Евангелие зимы - Брендан Кили
Шрифт:
Интервал:
Закладка:
Голова качалась, и, пока я пытался взять себя в руки, включились задние габариты приходского «Линкольна», и лимузин задом выехал с парковки. Я бросился в сторону, надеясь, что сидящий в машине меня не заметил. Я торопился под гору, к центру городка, и, сворачивая на Норд-стрит, заметил сзади мелькнувший голубой «Линкольн». Он перестроился, сбросил скорость, но проехал мимо. Я не разглядел сидевшего за рулем, но в этой части города у меня не было выбора, кроме как обогнуть нашу академию, пройти мимо Стоунбрука и срезать путь по шоссе ближе к бухте, чтобы вернуться домой. «Линкольн» скрылся из виду, но я бросился бежать изо всех сил.
Я пробежал до самого Стоунбрука, прежде чем снова увидел его. Я был на мосту, недалеко от квартала, где жил Марк, когда «Линкольн» появился за моей спиной и направился к вершине холма. Он ехал с включенными фарами, и, едва свет мазнул по дороге и нашел меня, прибавил скорость. Я сделал еще несколько десятков шагов, но понял, что автомобиль несется прямо на меня. Я повернулся и побежал обратно через мост, слыша, как приближается машина. Вдоль шоссе, на склоне, спускавшемся к заливу, тянулась жиденькая полоска деревьев, а по другую сторону начиналась территория загородного клуба. «Линкольн» засигналил. Я отскочил на обочину, к деревьям, росшим по границе поля для гольфа.
– Эйден! – раздалось за моей спиной.
От его голоса все еще было больно.
– Эйден! – Я понял, что он вышел из машины. Он повторял мое имя, когда я прорвался через деревья и попал в первую же песчаную ловушку. Я подумал, что если бежать напрямик, то я окажусь на холме быстрее его, но ловушка меня задержала. Выбираясь, я снова услышал его голос. Он тоже выбежал на поле и далеко обошел песок, отрезая мне возможность броситься напрямик через фервей[8]. Он был одет как обычно – в черные брюки и застегнутую до горла рубашку со стоячим белым воротником. Он вперевалку шел за мной, двигаясь неуклюже, но так быстро, что я изумился. Когда я выбрался из песчаной ловушки, он оказался совсем близко. Раскрасневшись и тяжело дыша, он снова закричал:
– Эйден! Мне надо с тобой поговорить! Остановись, пожалуйста!

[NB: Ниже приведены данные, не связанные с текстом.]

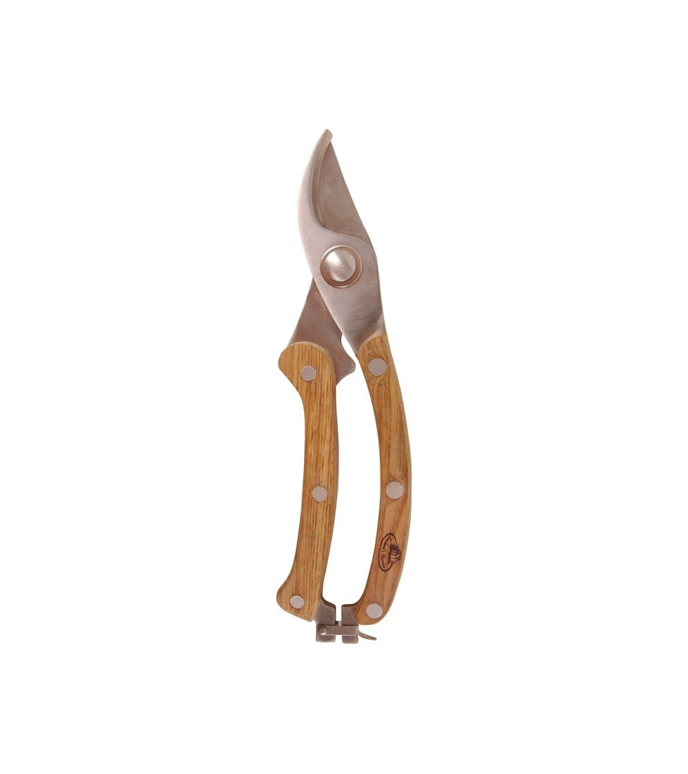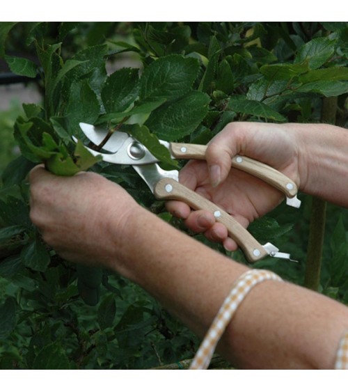 Sécateur en bois et acier inoxydable pour tout couper simplement. Dimensions : 20 x 5 x 1,7 cm

Я бросился вправо, к другому ряду деревьев, и побежал изо всех сил вверх по склону. По траве я смог увеличить расстояние между нами, но он нагонял меня. У самой вершины я бросился в гущу деревьев, обрамлявших быструю речку, текущую по холму, нырявшую под мост и впадавшую в залив. На поле для гольфа речка сужалась и расширялась только ближе к улице и мосту. Я прыгнул на склон и побежал очертя голову, ломая тощие деревца и ветки, чтобы не сорваться в воду. Оказавшись внизу, я оглянулся. Отец Грег появился на вершине, где я стоял несколько секунд назад. Он остановился, опустился на колени и несколько секунд пытался отдышаться.
– Эйден, – прорычал он. Больше он ничего не смог добавить и начал спускаться.
Я, спотыкаясь, подобрался к большому дереву, упавшему через реку – корни торчали в разные стороны. Вывернутая земля у основания была темнее, чем почва вокруг. Ухватившись за корень, я одним прыжком вскочил на ствол. Отец Грег с треском ломился через кусты над моей головой, и, когда я медленно пошел по стволу, я услышал, как он упал. Он застонал, ударившись о землю, покатился, врезался спиной в дерево и поэтому не упал в реку. Я замер, стоя на стволе. Густой запах влажной земли и плеск быстрой, бурной реки заглушали тишину, пока я ждал, когда он двинется. Он сел, вытер лицо и отряхнулся. Лицо у него было исцарапано; попытавшись встать, он с криком схватился за бок. Подняться он не смог. Привалившись к дереву, он смотрел на меня, кашляя и постанывая. Я ждал.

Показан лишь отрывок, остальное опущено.